→ **PROBLEM REQUIREMENTS**
Your task is to retype the lines from the opening of the material through the line that includes "أخلق فى منزلك". Do not copy the pictures.

→ **DATA BELOW**
——

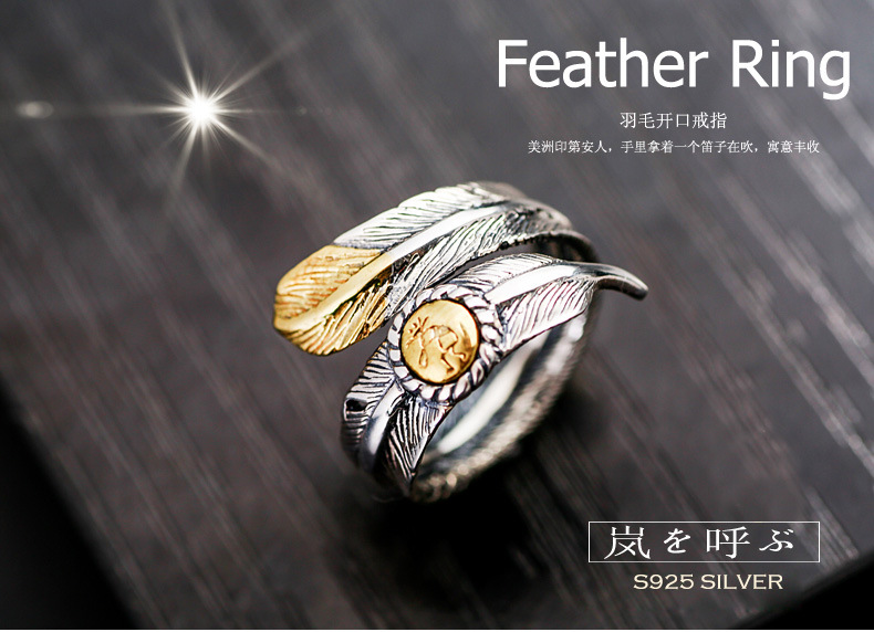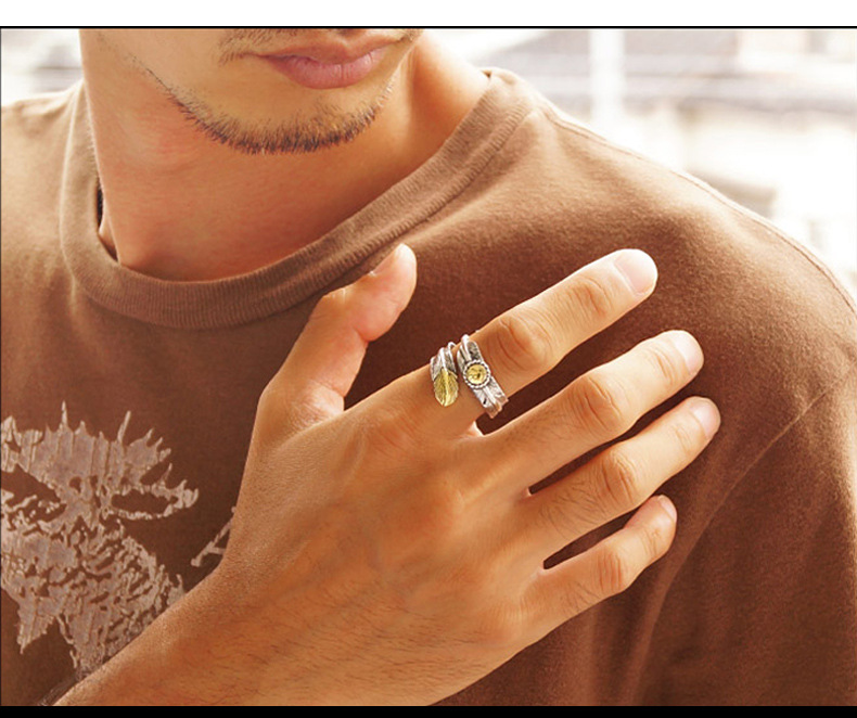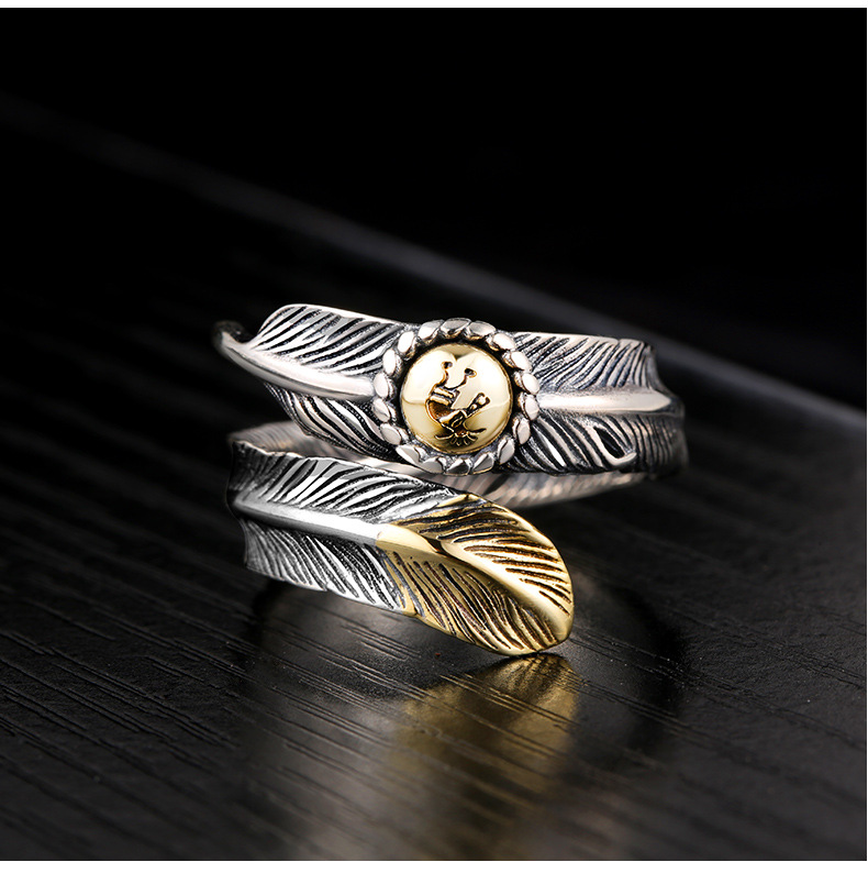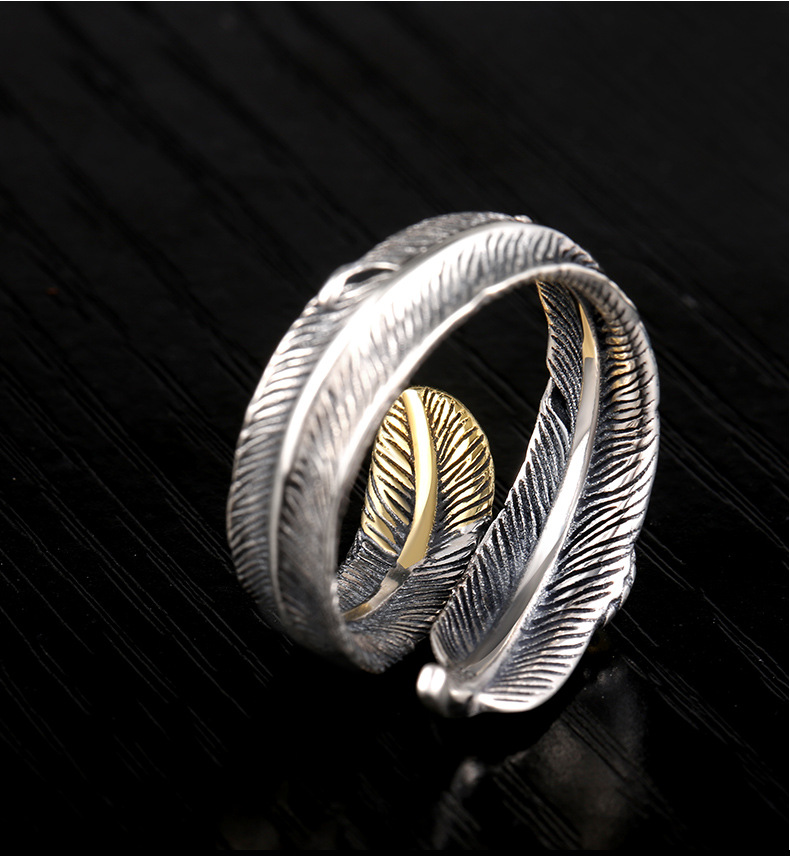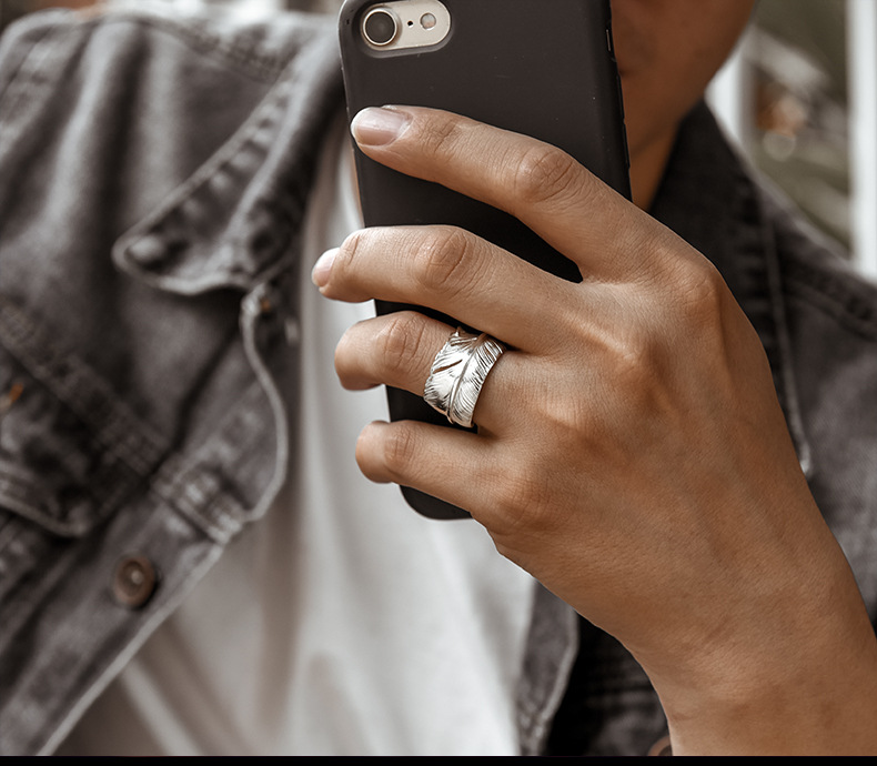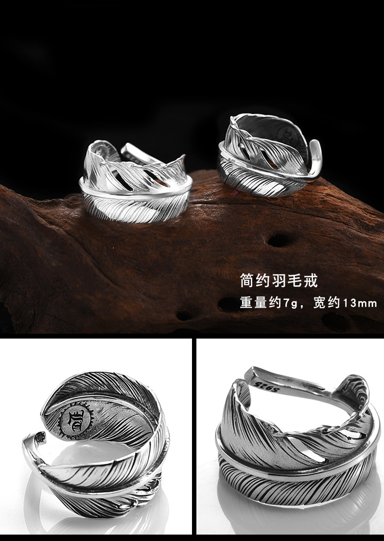Niche design retro internet celebrity single ring trendy men's open feather silver ring Women's adjustable hip hop personality silver jewelry
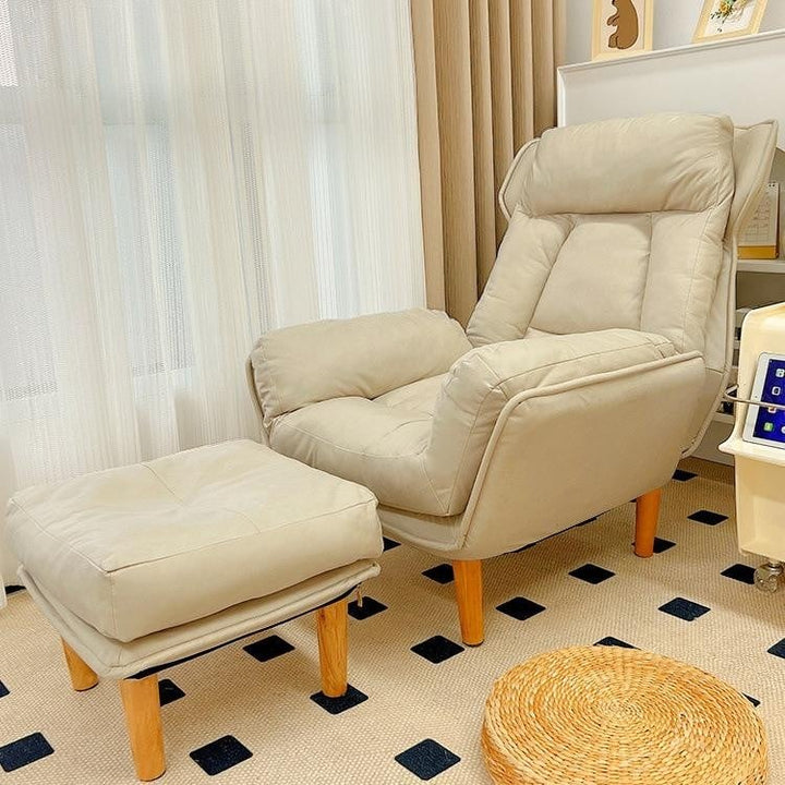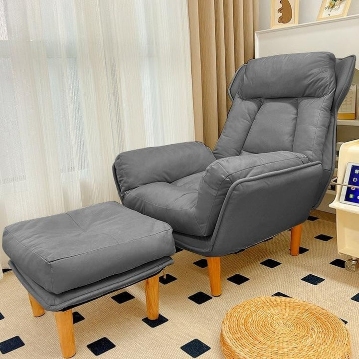 أخلق فى منزلك ركن لك خاص بك يمكنك الحصول على أعلى شعور من الراحه و الأسترخاء فيه بإقتناءك هذا الكرسى مع مسند القدم المصنوع من مواد عالية الجوده مثل الخشب الصلب و الاسفنج المرن و تغطيه من القماش الناعم حتى يكتمل جزء الأسترخاء الخاص بك بالإضافه إلى أنه يمكنك اختيار اللون المناسب لذوقك من بين عدة ألوان و هما البيج - الرمادي الفاتح - الرمادي الغامق - الوردي . يتميز الكرسى بتصميم أتاح له الانسجام مع أى ديكور بأى غرفه بالمنزل
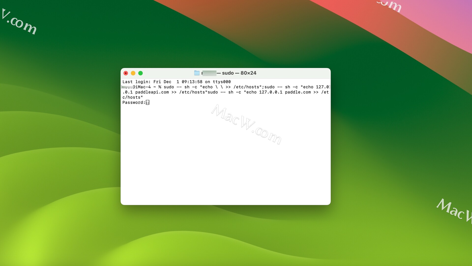 为了阻止应用程序连接到Paddle的服务器,首先打开终端,复制以下代码到终端回车后输入密码等待运行完成即可
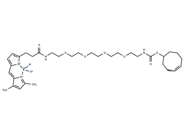 – BDP FL-PEG4-TCO is a PEG-based linker for PROTACs that joins two essential ligands, facilitating the formation of PROTAC molecules and enabling selective protein degradation via the ubiquitin-proteasome system within cells.

——

→ **ANSWER SECTION**
Niche design retro internet celebrity single ring trendy men's open feather silver ring Women's adjustable hip hop personality silver jewelry
 أخلق فى منزلك ركن لك خاص بك يمكنك الحصول على أعلى شعور من الراحه و الأسترخاء فيه بإقتناءك هذا الكرسى مع مسند القدم المصنوع من مواد عالية الجوده مثل الخشب الصلب و الاسفنج المرن و تغطيه من القماش الناعم حتى يكتمل جزء الأسترخاء الخاص بك بالإضافه إلى أنه يمكنك اختيار اللون المناسب لذوقك من بين عدة ألوان و هما البيج - الرمادي الفاتح - الرمادي الغامق - الوردي . يتميز الكرسى بتصميم أتاح له الانسجام مع أى ديكور بأى غرفه بالمنزل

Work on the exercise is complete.